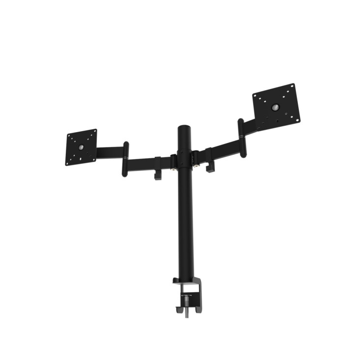 Наша стійка забезпечує якісне кріплення для двох дисплеїв із діагоналлю від 14 до 28 дюймів, із загальною масою до 15 кг до столу за допомогою струбцини.
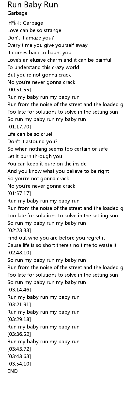 | [00:58.81] | Run from the noise of the street and the loaded gun |
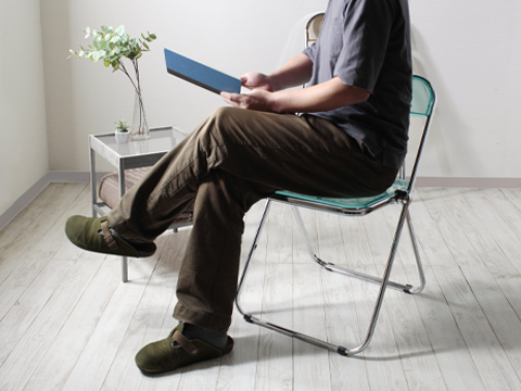 折り畳むと約50mmのフラットな状態で収納が可能となり、場所を取らずに使用する時に取り出せる手軽さが折りたたみイスの最大のメリットです。 |
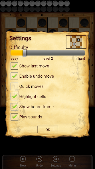 Die Anwendung enthält einen leistungsstarken Algorithmus der Spiele und die freundliche klassische Oberfläche. Fordern Sie Ihre strategischen Fähigkeiten mit diesem entspannenden Spiel heraus. Jetzt können Sie das Spiel der Checker überall, wo Sie sich vielleicht befinden, direkt von Ihrem Smartphone genießen.
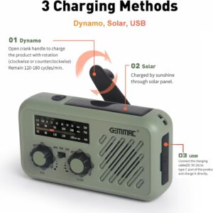 - AM / FM / SW RADIO – Das tragbare Notfallradio von Gemmac unterstützt die Bänder AM /AFM/ SW. Sie können von AM, FM auf SW umschalten, um die tägliche Vorhersage schnell zu erhalten. FM / AM-Radio hat guten Empfang, auch wenn die Antenne ausgeschaltet ist (AM530-1710 kHz, FM87-108 MHz, SW7-19 MHz) sowie Kurzwellensender.
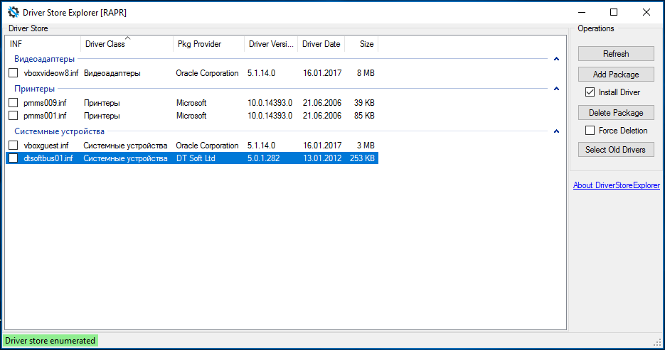 Приложение для работы с хранилищем драйверов Windows (Driver Store). Поддерживаются операции: перечисление, добавление пакета драйверов и установка, удаление и принудительное удаление из хранилища драйверов. Полностью на русском языке .
==================================================
* DIRECTIONS
Write out every line above again exactly, with the pictures left out.

* PROBLEM SOLUTION
 Наша стійка забезпечує якісне кріплення для двох дисплеїв із діагоналлю від 14 до 28 дюймів, із загальною масою до 15 кг до столу за допомогою струбцини.
 | [00:58.81] | Run from the noise of the street and the loaded gun |
 折り畳むと約50mmのフラットな状態で収納が可能となり、場所を取らずに使用する時に取り出せる手軽さが折りたたみイスの最大のメリットです。 |
 Die Anwendung enthält einen leistungsstarken Algorithmus der Spiele und die freundliche klassische Oberfläche. Fordern Sie Ihre strategischen Fähigkeiten mit diesem entspannenden Spiel heraus. Jetzt können Sie das Spiel der Checker überall, wo Sie sich vielleicht befinden, direkt von Ihrem Smartphone genießen.
 - AM / FM / SW RADIO – Das tragbare Notfallradio von Gemmac unterstützt die Bänder AM /AFM/ SW. Sie können von AM, FM auf SW umschalten, um die tägliche Vorhersage schnell zu erhalten. FM / AM-Radio hat guten Empfang, auch wenn die Antenne ausgeschaltet ist (AM530-1710 kHz, FM87-108 MHz, SW7-19 MHz) sowie Kurzwellensender.
 Приложение для работы с хранилищем драйверов Windows (Driver Store). Поддерживаются операции: перечисление, добавление пакета драйверов и установка, удаление и принудительное удаление из хранилища драйверов. Полностью на русском языке .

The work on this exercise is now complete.